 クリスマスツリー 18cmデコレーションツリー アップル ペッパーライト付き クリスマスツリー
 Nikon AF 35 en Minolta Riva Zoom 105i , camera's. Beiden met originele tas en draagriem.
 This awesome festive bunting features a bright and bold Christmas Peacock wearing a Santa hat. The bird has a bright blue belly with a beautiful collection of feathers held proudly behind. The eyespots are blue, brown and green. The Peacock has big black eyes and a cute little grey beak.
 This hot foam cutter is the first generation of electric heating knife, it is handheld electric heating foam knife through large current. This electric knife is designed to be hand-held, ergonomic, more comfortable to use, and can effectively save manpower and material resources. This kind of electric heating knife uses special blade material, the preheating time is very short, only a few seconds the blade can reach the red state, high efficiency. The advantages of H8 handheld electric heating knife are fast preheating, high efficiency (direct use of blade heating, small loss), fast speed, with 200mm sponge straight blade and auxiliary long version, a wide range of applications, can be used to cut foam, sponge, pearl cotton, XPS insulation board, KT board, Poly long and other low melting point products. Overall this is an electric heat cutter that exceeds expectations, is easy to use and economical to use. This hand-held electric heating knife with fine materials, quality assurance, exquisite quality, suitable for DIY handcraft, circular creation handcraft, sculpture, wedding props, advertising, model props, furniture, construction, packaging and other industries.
━━━━━━━━━━━━━━━━
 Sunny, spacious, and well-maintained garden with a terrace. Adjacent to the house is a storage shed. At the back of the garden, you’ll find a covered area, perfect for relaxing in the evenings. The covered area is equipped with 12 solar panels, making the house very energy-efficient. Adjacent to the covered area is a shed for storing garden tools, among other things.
━━━━━━━━━━━━━━━━
◆ Task objective ◆
Find "クリスマスツリー 18cmデコレーションツリー アップル" in the entries above and copy that whole line exactly, then each line after it through the line that contains "This hot foam".

◆ Reply to the exercise ◆
 クリスマスツリー 18cmデコレーションツリー アップル ペッパーライト付き クリスマスツリー
 Nikon AF 35 en Minolta Riva Zoom 105i , camera's. Beiden met originele tas en draagriem.
 This awesome festive bunting features a bright and bold Christmas Peacock wearing a Santa hat. The bird has a bright blue belly with a beautiful collection of feathers held proudly behind. The eyespots are blue, brown and green. The Peacock has big black eyes and a cute little grey beak.
 This hot foam cutter is the first generation of electric heating knife, it is handheld electric heating foam knife through large current. This electric knife is designed to be hand-held, ergonomic, more comfortable to use, and can effectively save manpower and material resources. This kind of electric heating knife uses special blade material, the preheating time is very short, only a few seconds the blade can reach the red state, high efficiency. The advantages of H8 handheld electric heating knife are fast preheating, high efficiency (direct use of blade heating, small loss), fast speed, with 200mm sponge straight blade and auxiliary long version, a wide range of applications, can be used to cut foam, sponge, pearl cotton, XPS insulation board, KT board, Poly long and other low melting point products. Overall this is an electric heat cutter that exceeds expectations, is easy to use and economical to use. This hand-held electric heating knife with fine materials, quality assurance, exquisite quality, suitable for DIY handcraft, circular creation handcraft, sculpture, wedding props, advertising, model props, furniture, construction, packaging and other industries.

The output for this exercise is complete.